● **INPUT RECORDS**
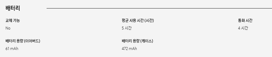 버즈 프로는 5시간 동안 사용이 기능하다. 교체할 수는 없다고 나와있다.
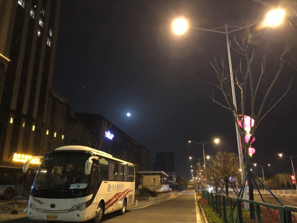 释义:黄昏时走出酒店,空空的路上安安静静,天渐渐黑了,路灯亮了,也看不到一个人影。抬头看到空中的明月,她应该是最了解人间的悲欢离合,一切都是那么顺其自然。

---

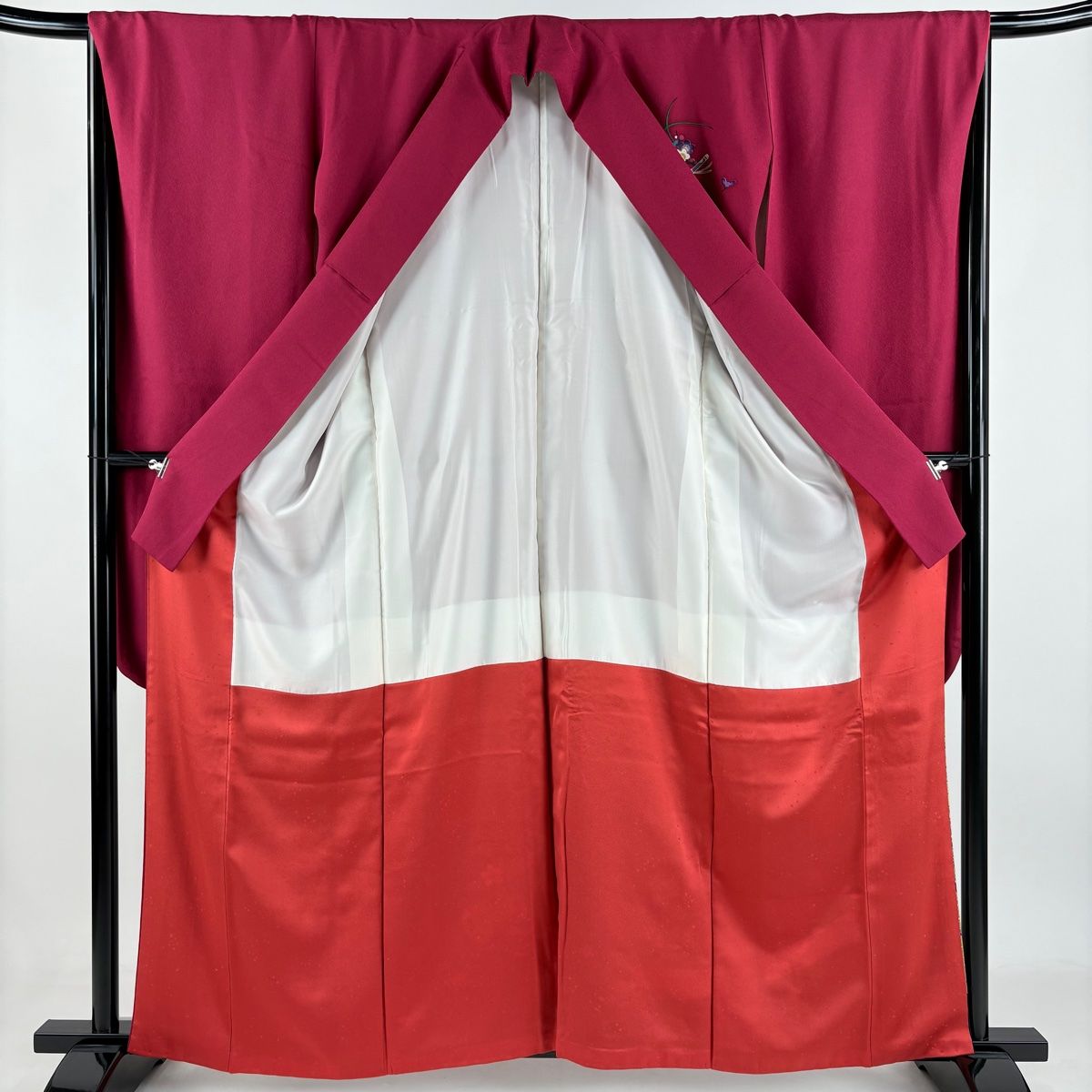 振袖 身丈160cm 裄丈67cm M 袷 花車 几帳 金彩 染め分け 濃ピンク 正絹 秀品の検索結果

● **INSTRUCTIONS FOR THE TASK**
Return exactly the lines above, from the one with "버즈 프로는 5시간 동안 사용이 기능하다. 교체할 수는 없다고 나와있다." up to and including the one with "释义:黄昏时走出酒店,空空的", and include no pictures.

● **SOLUTION**
 버즈 프로는 5시간 동안 사용이 기능하다. 교체할 수는 없다고 나와있다.
 释义:黄昏时走出酒店,空空的路上安安静静,天渐渐黑了,路灯亮了,也看不到一个人影。抬头看到空中的明月,她应该是最了解人间的悲欢离合,一切都是那么顺其自然。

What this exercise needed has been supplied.